Factor-guided functional PCA for high-dimensional functional data
Shoudao Wen, Huazhen Lin

TL;DR
This paper introduces FaFPCA, a novel method for high-dimensional functional data that captures both temporal dependence and variable correlation, improving feature extraction and prediction accuracy.
Contribution
The paper proposes a factor-guided FPCA approach that models both correlation among variables and dependence over time, with a closed-form estimation and theoretical guarantees.
Findings
Outperforms existing methods in accuracy and computational efficiency
Identifies 41 ROIs associated with Alzheimer's disease, 23 confirmed by literature
Demonstrates effectiveness on ADNI dataset
Abstract
The literature on high-dimensional functional data focuses on either the dependence over time or the correlation among functional variables.
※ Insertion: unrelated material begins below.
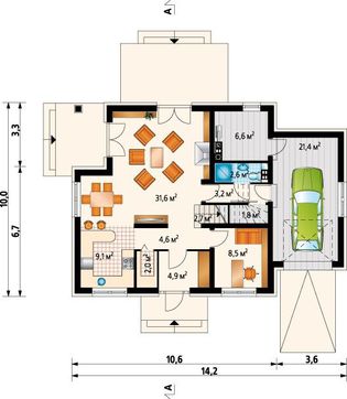 Проект содержит три раздела – Архитектурный, Конструктивный и Инженерный: водоснабжение, отопление, вентиляция, канализация, электроснабжение (приобретается за дополнительную плату) + Пояснительная записка.

In this paper, we propose a factor-guided functional principal component analysis (FaFPCA) method to consider both temporal dependence and correlation of variables so that the extracted features are as sufficient as possible. In particular, we use a factor process to consider the correlation among high-dimensional functional variables and then apply functional principal component analysis (FPCA) to the factor processes to address the dependence over time. Furthermore, to solve the computational problem arising from triple-infinite dimensions, we creatively build some moment equations to estimate loading, scores and eigenfunctions in closed form without rotation. Theoretically, we establish the asymptotical properties of the proposed estimator.…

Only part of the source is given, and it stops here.